Verena sintió de repente una punzada de culpa y se quedó en silencio. Se limpió la sangre de la nariz con un pañuelo y miró a Colby, indicándole que sacara a Emma de allí.
A pesar de todo, Colby no pudo evitar sentir una sensación de satisfacción al ver a Emma golpear a Verena. Sin embargo, sabía que tenía que intervenir para evitar que la situación se agravara aún más. La ira descontrolada y sin límites de Emma podía tener consecuencias irreversibles. Agarró a Emma por el brazo y la apartó.

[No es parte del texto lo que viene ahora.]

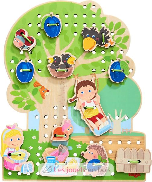 Questo gioco da infilare della Haba è un gioco educativo che stimola le capacità motorie fini, a partire dai 3 anni.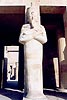 Durch ein Tor aus Granit betritt man die obere Terrasse, einen von Säulen umgebenen Hof. Links befinden sich die Gedenkkapellen für Hatschepsut und ihren Vater Thutmosis I., rechts eine Kaplle, die dem Sonnenkult des Re-Harachte geweiht war. Geradeaus befindet sich das Hauptheiligtum von Amun , wo während des "Schönen Festes vom Wüstental" die Barke des Gottes auf einem Podest abgestellt wurde. Nach dem Tod der Hatschepsut zerstörte ihr Nachfolger Thutmosis III. ihre Bilder und ließ ihren Namen tilgen und durch seinen oder den seines Vaters ersetzen. Die Statuen wurden nahe dem Tempel der Hatschepsut in Felslöcher rechts und links des Prozessionsweges gestürzt. Unter Echnaton kam es zu weiteren Verwüstungen. Haremhab begann mit der Restaurierung, die unter Ramses II. und Merenptah fortgesetzt wurde. Im 7.Jh. erfuhr der Tempel weitere Veränderungen, als ein koptisches Kloster einzog, dessen Name sich in der Ortsbezeichnung Deir el-Bahari ( "Nördliches Kloster") bis heute erhalten hat. |

«Ya basta, Emma. Te llevaré a casa».
«Esto no ha terminado. Ella quiere llamar a la policía, ¿verdad? Que lo haga». Emma se soltó de su mano, se arremangó y se dirigió de nuevo hacia Verena.
Los ojos de Verena se abrieron con miedo palpable y soltó un grito desesperado. «¿No vas a detenerla? ¿Quieres que me mate?».
Aunque Verena podía vociferar y amenazar, no era rival física para Emma, que estaba impulsada por la ira y no tenía nada que perder.
Emma se abalanzó sobre ella, agarrándola por el cuello y levantando la mano para golpearla. En ese momento crítico, Colby intervino.
Tiró de Emma hacia atrás y la rodeó con sus brazos por detrás.
«¡Suéltame!», Emma se debatió con fuerza entre sus brazos.